Good & Bad News: Little You Can Do

Posted: May 18, 1987

The hydrocarbons that produce ozone come from a variety of sources - from vapors at the gas pump to the baking of yeast-raised bread.

But environmental officials say there isn't much the average person can do to stop the formation of ozone. The best bets are driving less, and getting ready for a possible new round of pollution controls at gas stations or in new cars.

"It's too early at this point to start looking at the very, very minute amounts that, when taken as a whole, contribute to the ozone problem," said Joseph Otis Minott, executive director of the Delaware Valley Clean Air Council. "Pennsylvania has a long ways to go toward controlling very, very large amounts."
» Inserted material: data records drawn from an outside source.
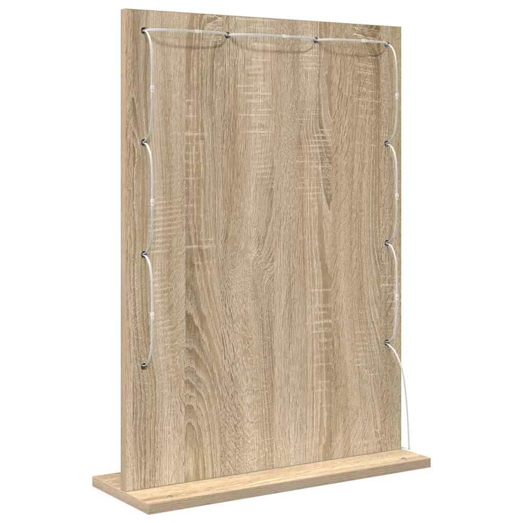 Magas minőségű anyagok: Üveg és mérnöki fa kombinációja biztosítja a stílust és a tartósságot. Az üveg zökkenőmentes tükröződést ad, míg a mérnöki fa stabilitást biztosít, így minden nap igénybe vehető. Beépített LED szalaglámpák: A tükörbe integrált LED szalaglámpák lágy, meleg fehér fényt adnak. Ezek a lámpák jól vannak elhelyezve, növelve a láthatóságot, anélkül, hogy zavaróak lennének a szemednek, tökéletesek a kellemes légkör megteremtéséhez. Univerzális lapos tükör: A lapos tükör dizájnának köszönhetően tiszta, egyenletes képet ad, nagyszerű a napi szépségápoláshoz vagy bármilyen dekorációhoz. A természetes és mesterséges fényben is elegáns és tiszta tükröződést biztosít, fokozva a szoba fényét. Energiatakarékos USB tápegység: USB forrással működik, így praktikus és energiatakarékos. Az alacsony 5V-os igénye megfelel a modern szabványoknak, lehetővé téve a különböző elektronikus eszközökhöz való egyszerű csatlakozást. Könnyű karbantartás: Az állapotának fenntartása pofon egyszerű. Csak egy nedves ruhával töröld le, hogy elkerüld a karcolásokat. Ne használj durva vegyszereket, mert ezek kárt okozhatnak. Rendszeres kíméletes tisztítás mellett sokáig megőrzi vonzerejét.- Szín: Sonoma tölgy
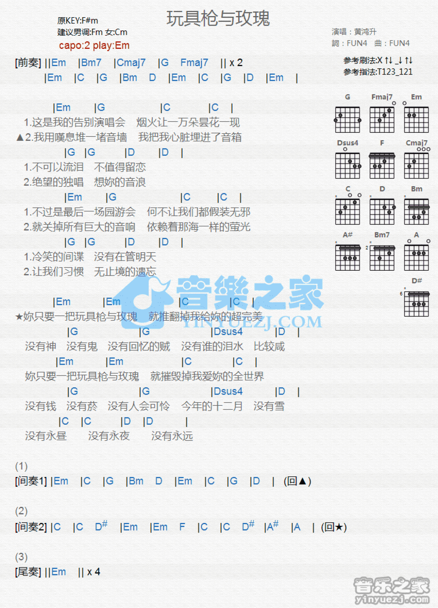 曲谱介绍: Em调版黄鸿升《玩具枪与玫瑰》吉他和弦弹唱谱
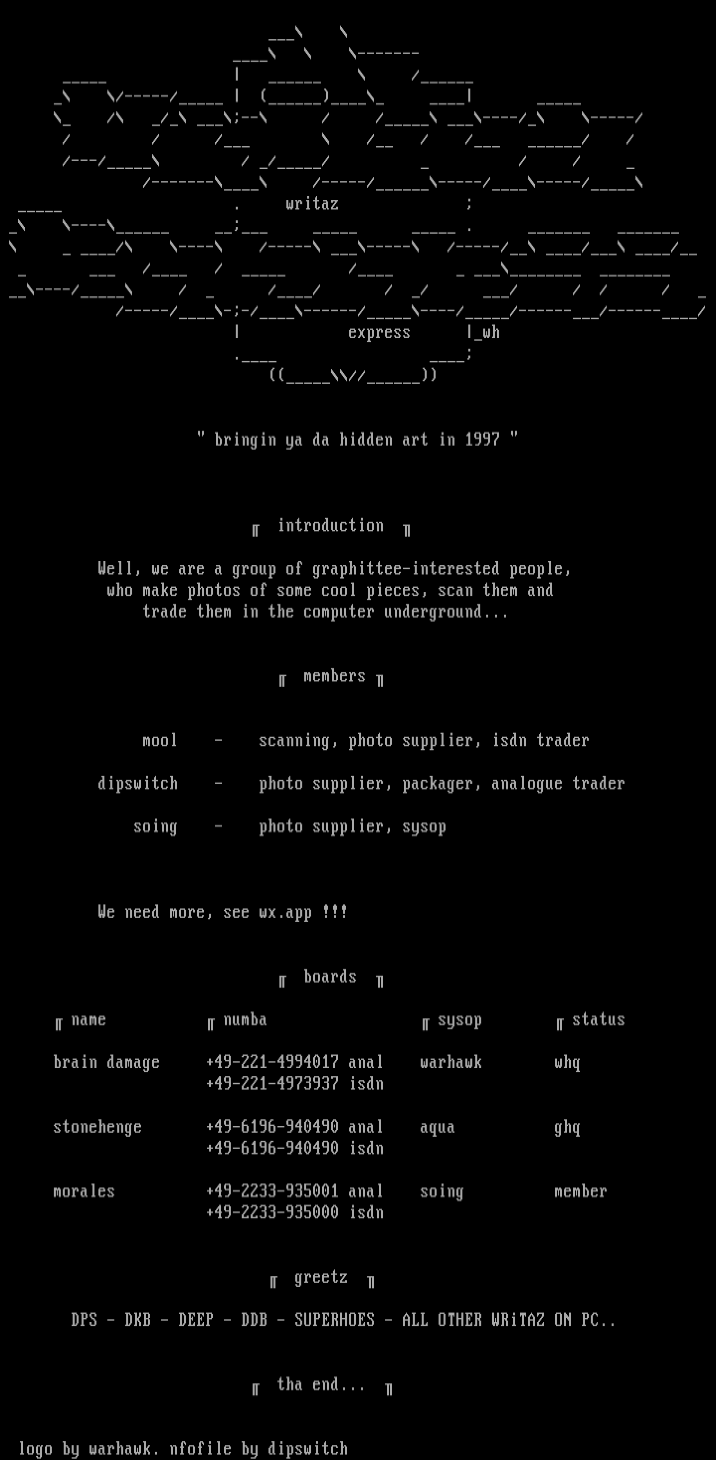 logo by warhawk. nfofile by dipswitch

While Pennsylvania faces the long-range prospect of new auto emission controls, San Francisco is regulating the stacks at bakeries, and environmentalists in Boston have been looking into similar controls.

Yeast-raised dough gives off hydrocarbons when it's baked into bread, bagels and soft pretzels. But the numbers are too small to figure significantly into the total of hydrocarbons discharged in Philadelphia.

Transportation accounts for 74 percent of the city's airborne hydrocarbons, including 55 percent from cars, 9 percent trucks and buses and 7 percent from gasoline sales.

Industrial processes discharge another 21 percent, including 10 percent

from miscellaneous evaporation, and 7 percent from petroleum refining.

Dry cleaning contributes 3 percent. Space heating, refuse incineration and power generation account for about 1 percent each.